After returning back to Japan in 1995, Dr. Nakagawara continued to work to prove his hypothesis at the Chiba Cancer Center Research Institute. His group unveiled the molecular and genetic mechanisms of the spontaneous regression of NB as follows.

  1. Similar to pheochromocytoma, the NGF/TrkA signaling pathway is targeted in NB which originates from the same sympathetic neurons as pheochromocytoma, and is inhibited by MYCN amplification and ALK mutations (1993, 2013).

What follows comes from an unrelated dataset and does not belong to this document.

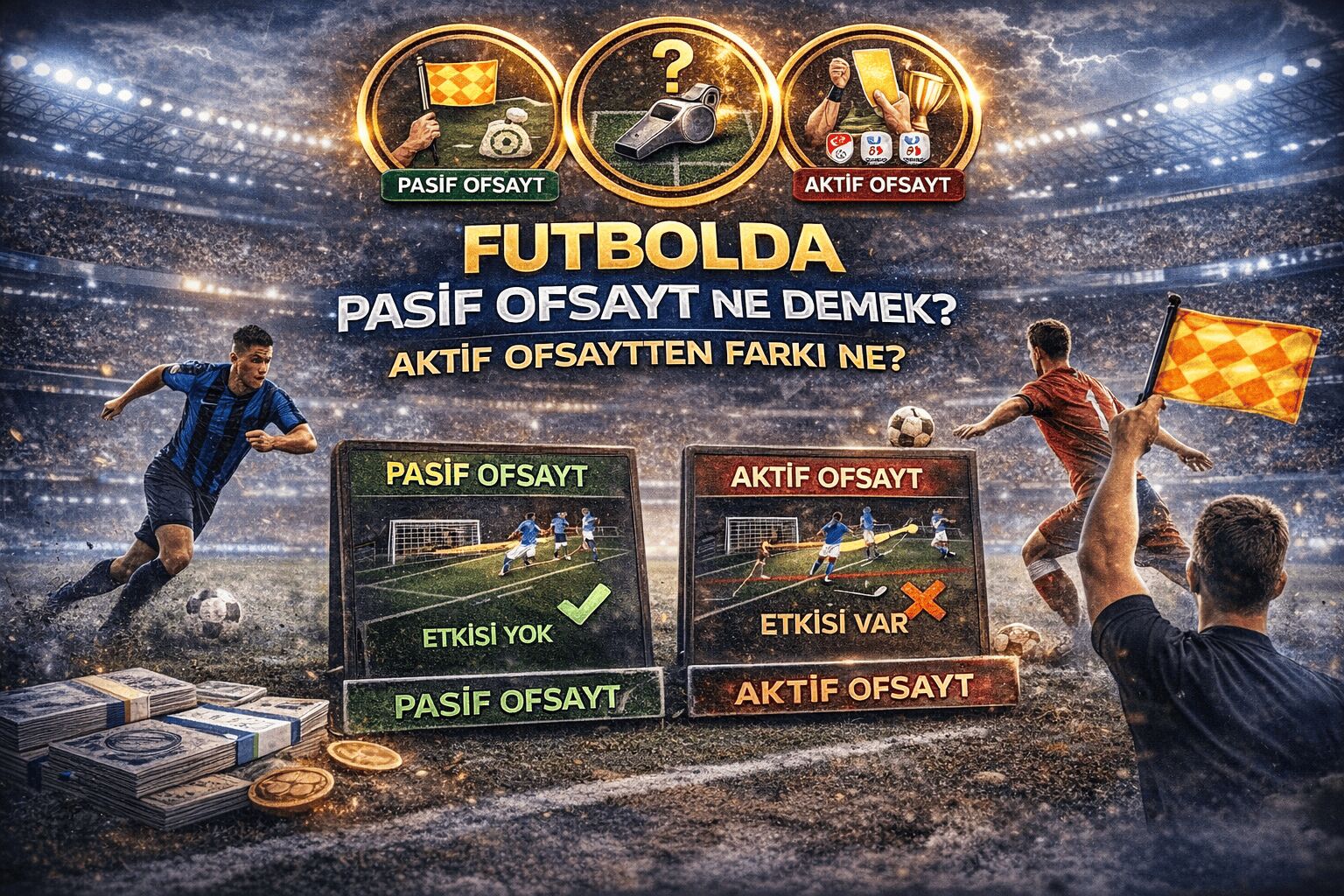 Futbolda en çok tartışılan kuralların başında ofsayt gelir. Ancak ofsayt sadece “önde olmak” demek değildir. Bir oyuncu rakip savunmanın arkasında olabilir ama hakem bayrağı kaldırmaz. İşte burada devreye iki kavram girer: pasif ofsayt ve aktif ofsayt.

  2. His group has identified a novel UNC5D as the second dependence receptor functioning downstream of the TrkA receptor to transduce NGF-mediated survival signal (2013).
  3. In regressing NB tissue, the relative deficiency of NGF induces programmed cell death (PCD) through the TrkA dependence receptor. During that process, expressions of BMCC1, KIF1Bβ, UNC5D, E2F1, p53 and p63 as well as the UNC5D/E2F1/p53/p63 positive feedback loop are induced to cause the tumor cells death (2013).
  4. The protein stability of the master molecule MYCN (N-MYC) is regulated by GSK3β and LIN28B/let-7/AURKA pathways in NB. Dr. Nakagawara’s group has discovered that NCYM, a cis-antisense gene of MYCN, is a de novo evolved gene whose protein product is functional only in humans and chimpanzees (2014). Actually, N-CYM is the first de novo evolved gene product found in human cancer. Because both NCYM and MYCN are transcribed at the same genomic locus, they are always co-amplified and co-expressed at similar levels in NB. In addition, his group has revealed that N-CYM stabilizes N-MYC through inhibiting GSK3β, leading to human NB more aggressive and metastatic. N-CYM is also involved in regulating stemness of NB by inducing some reprograming factors and in induction of asymmetric division of NB cells.
  5. His group has finally discovered that p63 is a key molecule switching between the molecular machinery of the spontaneous regression and aggressiveness in NB. Indeed, only p63 among the p53 family members is expressed at significantly higher levels in favorable NBs with a tendency to regress than in unfavorable NBs.